Hi, one could test it as virtual CD-ROM qemu-system-x86_64 -enable-kvm -m 1024 -cdrom $iso With iso=Fedora-Workstation-Live-x86_64-Rawhide-20191213.n.0.iso on elderly Debian i get to a graphical screen which offers me "Try Fedora". With iso=Fedora-Workstation-Live-x86_64-Rawhide-20191212.n.1.iso i finally get to some text terminal prompt: Warning: /dev/disk/by-label/... does not exist Warning: /dev/root does not exist ... dracut:/# So the qemu run with PC-BIOS firmware seems to be able to demonstrate the problem. Is the new ISO published somewhere ? I could test on real iron, too. Have a nice day :) Thomas
Thomas: that is how I tested it already (that's what openQA does). I'm also testing it manually as a USB stick at the moment. It's not...exactly...published anywhere, no.
Booting the image written to a USB stick works OK in both BIOS and UEFI modes.
Post an URL when published. I'll give it a run on DVD. The test on USB stick would not show the original problem, but only confirms that there are no regressions. I understand that the fix for DVD is in this piece of code in https://github.com/karelzak/util-linux/pull/913/commits/fc84bc0a463480ffb17a39b5375463b7f07d14ce /* If no ISO9660 partition devno was found, consider the current device * as an appropriate owner of the filesystem. This can happen for CD/DVDs, * where partitions may exist in the table, but are not usually probed by * the kernel. */ if (!isopart_devno) return true; At least this comment matches my suspicion about the reason for this bug report.
I think it's fine with the testing I've done, we've already established it works on optical and USB cases.
Fedora util-linux have been upgraded to the current upstream git tree (with merged Thomas' https://github.com/karelzak/util-linux/pull/913). Thanks Thomas and Adam for help with this issue!
This bug appears to have been reported against 'rawhide' during the Fedora 32 development cycle. Changing version to 32.
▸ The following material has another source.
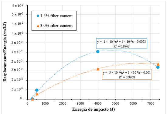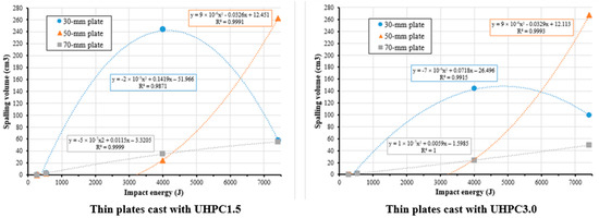 Figure 8 depicts the unit values and the efficiency of both fiber volume ratios with regard to the spalling/impact energy function. Differences in performance can be noted up to an energy level of 4000 J. These differences can reach up to 40% between the UHPC1.5 and UHPC3.0 mixtures. Thus, the viability of adding more reinforcement to reach better performance was assessed. The increased fiber ratio seemed to be inefficient at high energy levels. Therefore, the elements’ geometric characteristics (thickness) should be prioritized, as depicted in Figure 7.
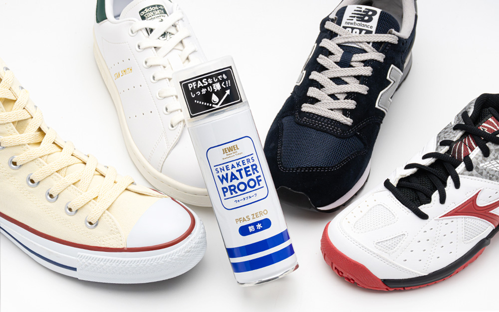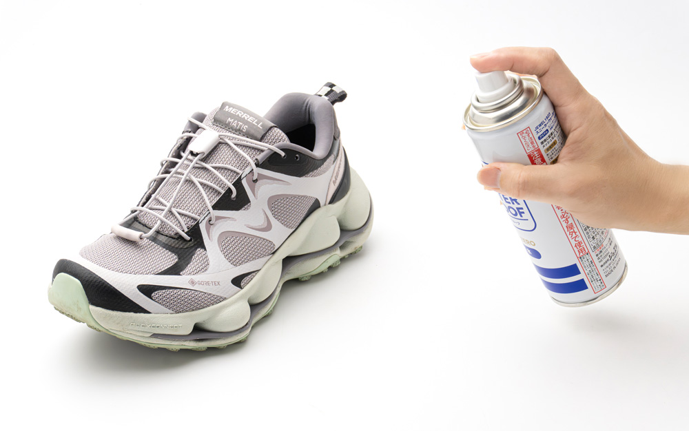 高い撥水性能と安全性を兼ね備えたPFAS(フッ素)不使用のスニーカー用防水スプレー。

This message is a reminder that Fedora 32 is nearing its end of life. Fedora will stop maintaining and issuing updates for Fedora 32 on 2021-05-25. It is Fedora's policy to close all bug reports from releases that are no longer maintained. At that time this bug will be closed as EOL if it remains open with a Fedora 'version' of '32'. Package Maintainer: If you wish for this bug to remain open because you plan to fix it in a currently maintained version, simply change the 'version' to a later Fedora version. Thank you for reporting this issue and we are sorry that we were not able to fix it before Fedora 32 is end of life. If you would still like to see this bug fixed and are able to reproduce it against a later version of Fedora, you are encouraged change the 'version' to a later Fedora version prior this bug is closed as described in the policy above. Although we aim to fix as many bugs as possible during every release's lifetime, sometimes those efforts are overtaken by events. Often a more recent Fedora release includes newer upstream software that fixes bugs or makes them obsolete.
Fedora 32 changed to end-of-life (EOL) status on 2021-05-25. Fedora 32 is no longer maintained, which means that it will not receive any further security or bug fix updates. As a result we are closing this bug. If you can reproduce this bug against a currently maintained version of Fedora please feel free to reopen this bug against that version. If you are unable to reopen this bug, please file a new report against the current release. If you experience problems, please add a comment to this bug. Thank you for reporting this bug and we are sorry it could not be fixed.